X = df.drop(target, axis=1)
y_trans = target_label_encoder.fit_transform(y).astype(int)
print("----------- Check encoding ---------------------")
print(y_trans[:10])
print("--------------------------------")

results = cross_val_score(model, X, y_trans, cv=5)
print("--------------------------------")
print(f"Accuracy (in %): {results.mean() * 100:.2f} +/- {results.std() * 100:.2f}")
print("--------------------------------")

## Confusion Matrices

### Straight Confusion Matrix

In [None]:
from utils_bsak import plot_confusion_matrix

y_pred = model.predict(X_test)

plot_confusion_matrix(y_test=y_test, y_pred=y_pred, labels=target_label_encoder.classes_)

### Top-k Confusion Matrix

In [None]:
from utils_bsak import plot_top_k_confusion_matrix

k = 3
y_pred_prob = model.predict_proba(X_test)
plot_top_k_confusion_matrix(y_test=y_test, y_pred_prob=y_pred_prob, labels=target_label_encoder.classes_, top_k=k, show_off_top_k_info=False)

# Export to ONNX

In [None]:
import xgboost as xgb
from onnxmltools import convert_xgboost
from onnxmltools.convert.common.data_types import FloatTensorType

# rename the columns of X to make Onnx conversion possible:
X_old_columns = { f"f{i}" : col for i, col in enumerate(X_train.columns)}
X_train.columns = [f"f{i}" for i in range(X_train.shape[1])]

# DMatrix (i.e. dense-matrix) erstellen und enable_categorical setzen
dtrain = xgb.DMatrix(data=X_train, label=y_train, enable_categorical=True)
dtest = xgb.DMatrix(data=X_test, label=y_test, enable_categorical=True)


# Assuming you have a trained XGBClassifier model
model = create_Model()
model.fit(X_train, y_train)

# Convert the model to ONNX format
initial_type = [('float_input', FloatTensorType([None, X_train.shape[1]]))]
onnx_model = convert_xgboost(model, initial_types=initial_type)

# Save the ONNX model to a file in D:\1000_DataScience_MachineLearning\1000_ML_Projects\1000_Github_ML_2\projects_planned\Psinova_Examples\saktoBsik_private :

onnx_model_name = "model_" + "Sachkonto_stratified_All3" + ".onnx"

with open(onnx_model_name, "wb") as f:
    f.write(onnx_model.SerializeToString())

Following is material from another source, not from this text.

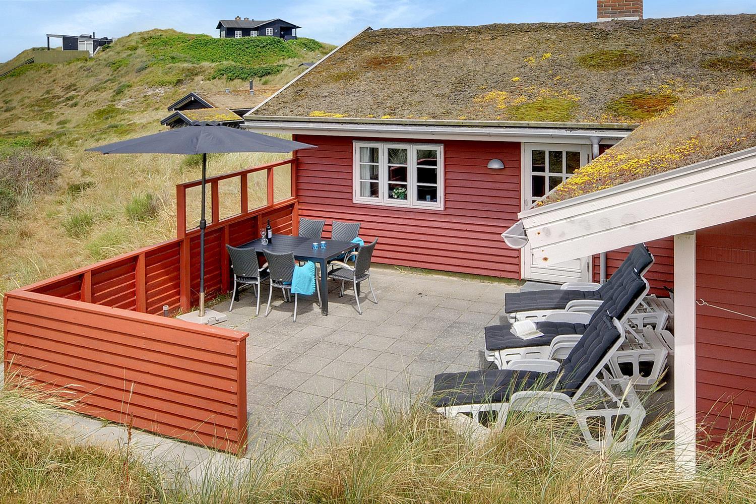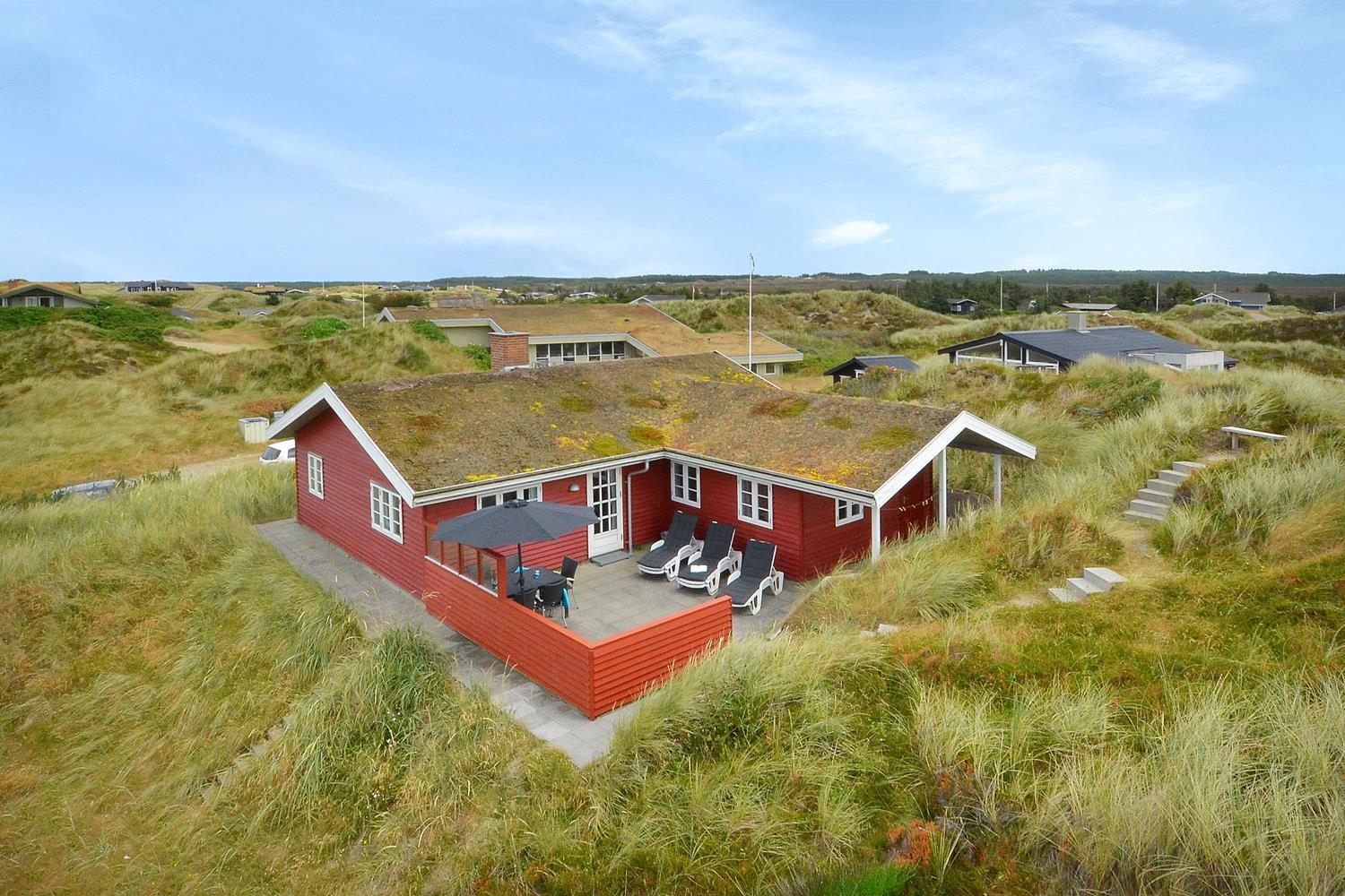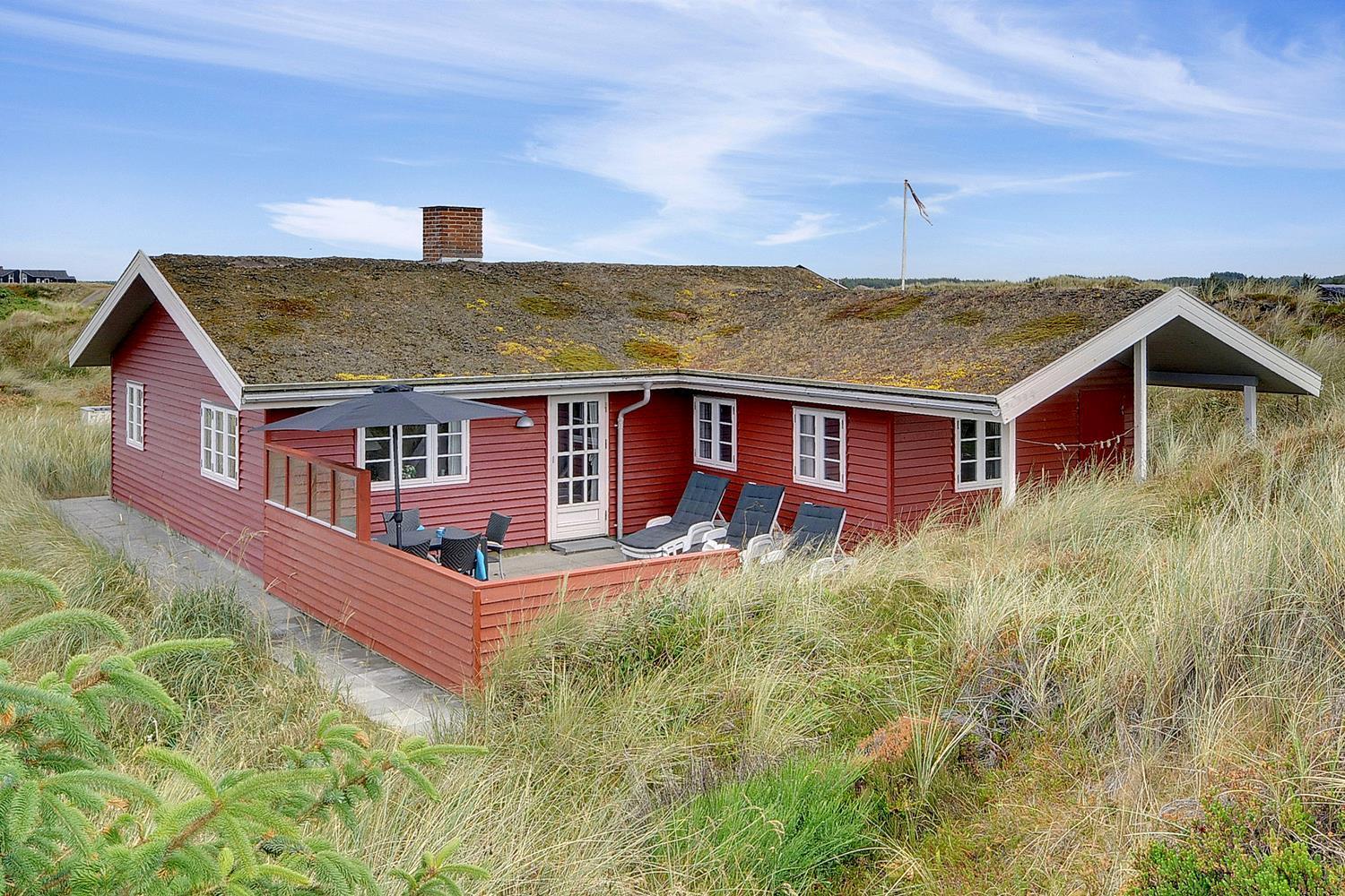 Auf einem prachtvollen, hügeligen Dünengrund dicht am Meer liegt dieses schöne, helle und nett eingerichtete Ferienhaus. Das Haus wurde laufend renoviert. Es verfügt über ein schönes Badezimmer mit Sauna sowie einen geräumigen mit der Küche kombinierten Wohnbereich. Vom Wohnzimmer aus hat man direkten Zugang zur schönen Terrasse, von der aus man die phantastische Aussicht über die Dünenlandschaft genießen kann.

print("------------------------------------------------------------------------")
print(f"model name: {onnx_model_name}")
print(f"Sachkonten Codierung für das Model : {target_label_encoder.classes_}")
print("------------------------------------------------------------------------")



In [None]:
# Store data and LabelEncoder for later use:
import joblib, onnxmltools, xgboost

data_folder = "data_preprocessed/"
file_joblib_dump = 'OnnxParams_Sachkonto_stratified_All3.pkl'

onnx_parameters = {
    "onnx_model_name" : onnx_model_name,
    "trained_features" : final_seleced_features,
    "xgboost_version" : xgboost.__version__,
    "onnxmltools_version" : onnxmltools.__version__,
}

joblib.dump(onnx_parameters, data_folder + file_joblib_dump)

In [None]:
import xgboost
print(xgboost.__version__)

#Answer:
# 1.4.2

In [None]:
import onnxmltools
print(onnxmltools.__version__)

# Answer:
# 1.7.0

Working combination of versions of xgboost and onnxmltools:

xgboost : 1.4.2 <br>
onnxmltools : 1.7.0

# TO DO : 
+ explain Classification Report
+ deal with imbalance

#### Note: Strategies to Address Imbalance 

+ Cost-Sensitive Learning: Assign higher misclassification costs to the minority class, encouraging the model to consider it more seriously.
+ Alternative Splitting Criteria: Use metrics like Hellinger distance (?) instead of traditional ones like information gain, as it better handles skewed distributions (why?).
+ Sampling Techniques: Balance the dataset by oversampling the minority class or undersampling the majority class, or by using wrapper frameworks that combine sampling with the splitting metric.
+ Adjusted Evaluation Metrics: Accuracy alone is misleading in imbalanced settings. Instead, prioritize metrics like precision, recall, and F1-score to assess the model’s performance on the minority class more accurately.